- Directed by: Nancy Schwartzman
- Produced by: Nancy Schwartzman; Rachel de Leon; Christopher Clements; Julie Goldman; Alice Henty; Amanda Pike;
- Cinematography: Jenni Morello
- Edited by: Inbal B. Lessner; Kim Roberts;
- Music by: Morgan Kibby
- Production companies: Center for Investigative Reporting Studios; Motto Pictures;
- Distributed by: Netflix
- Release dates: January 23, 2023 (Sundance); May 19, 2023;
- Running time: 90 minutes
- Country: United States
- Language: English

= Victim/Suspect =

Victim/Suspect is a 2023 American documentary film, directed and produced by Nancy Schwartzman. It follows young women who are charged by police with making false rape accusations, despite being truthful.
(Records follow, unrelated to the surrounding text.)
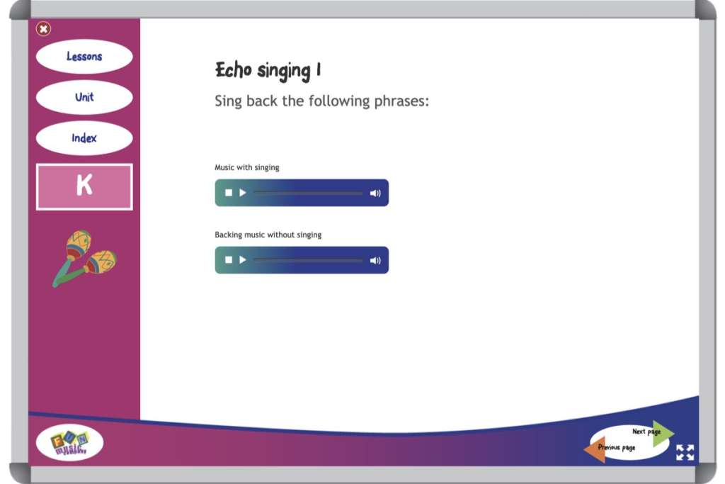 If you’re teaching this and you’re not a music teacher – it does not matter if you can’t sing! This program includes all tracks prerecorded, that you can echo with your class.
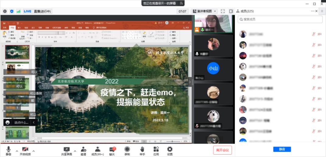 针对当前严峻的疫情形势和同学们的实际需求,5月19日下午,bat365中文官方网站邀请国家二级心理咨询师、北航积极心理咨询中心兼职咨询师、bat365中文官方网站专职心理咨询师梁天一老师组织了题为“疫情之下,赶走EMO,提振能量状态”的心理健康讲座,全校300余名同学参加。讲座由bat365中文官方网站团委书记朱鹏宇主持。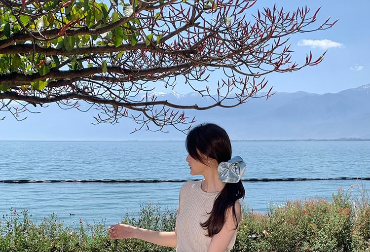 Sleeveless Crew Neck Plain Ribbed Knit Top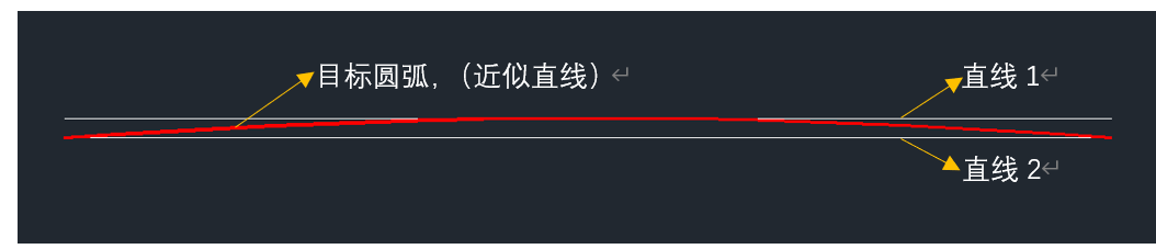 首先,确定要绘制文字的位置,绘制接近直线的圆弧。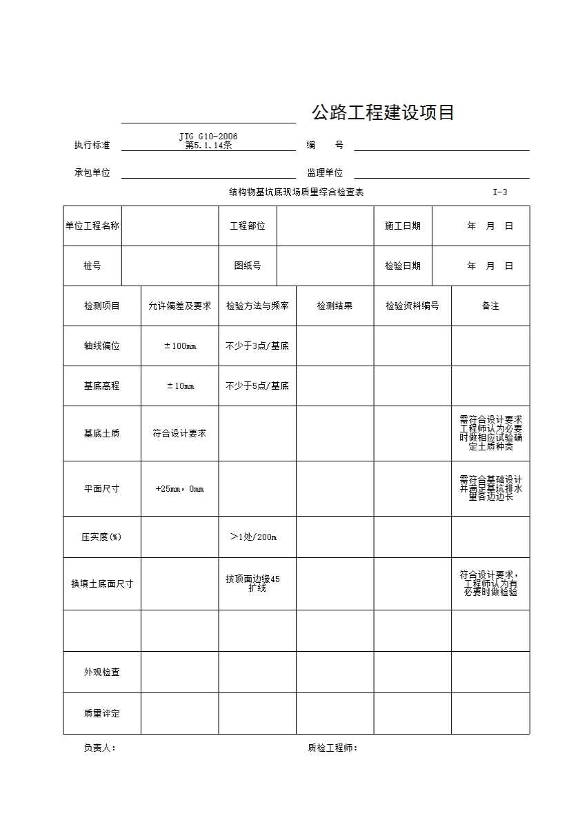 表格名称:I-3表 结构物基坑底现场质量综合检查表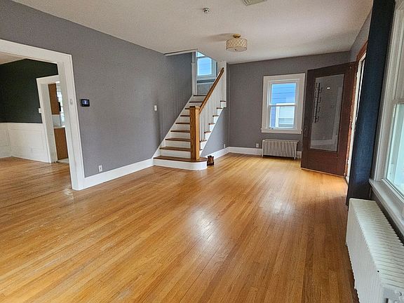 This wonderful home is located just 2 blocks from Eisner Park, restaurants, shopping and schools! When you walk in you will be amazed with the beautiful hardwood floors in the living room and dining room. The open stairway leads to the second floor where the hardwood flooring continues in the hallway and three bedrooms. The second floor has a full bath from the hallway while the main bedroom has a private full bath. The basement has a family room area with wood paneled walls and ceramic tile flooring along with a half bath, laundry area and storage. The backyard has a privacy fence and an oversized garage has space for a workshop area and plenty of storage for tools and toys. Tenants responsible for all utilities ($50/mo added to rent for sewer) and yard work. Pet friendly (monthly fees applicable)! Call today to schedule a tour - this one won't last long!
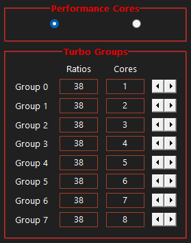 Частоты регулируются в разделе FIVR › Turbo Groups, переключатель P/E ядер – сразу над ним. В левом столбце задаётся множитель базовой частоты шины 100 МГц (например, 38 = 3,8 ГГц). В правом столбце задаётся число активных ядер, при которых актуален этот множитель. В самом простом сценарии можно ввести везде одинаковый множитель и получить стабильную частоту.

It had its world premiere at the 2023 Sundance Film Festival on January 23, 2023, and was released in a limited release on May 19, 2023, prior to streaming on Netflix on May 23, 2023.

==Premise==
Rachel de Leon, a journalist at The Center for Investigative Reporting discovers a number of legal cases across the United States, where young women are charged by police for making false rape accusations, despite being truthful.

==Release==
It had its world premiere at the 2023 Sundance Film Festival on January 23, 2023. It also screened at CPH:DOX on March 20, 2023. It was released in a limited release on May 19, 2023, prior to streaming on Netflix on May 23, 2023.

==Reception==
Victim/Suspect received mostly positive reviews from critics. On Metacritic the film holds a score of 67 out of 100 based on five reviews, indicating "generally favorable reviews". On Rotten Tomatoes it holds a score of 79% based on 33 reviews, with an average score of 6.9 out of 10. The critics consensus reads "Although it's arguably not quite the documentary its subject deserves, Victim/Suspect remains an important and infuriating piece of journalism."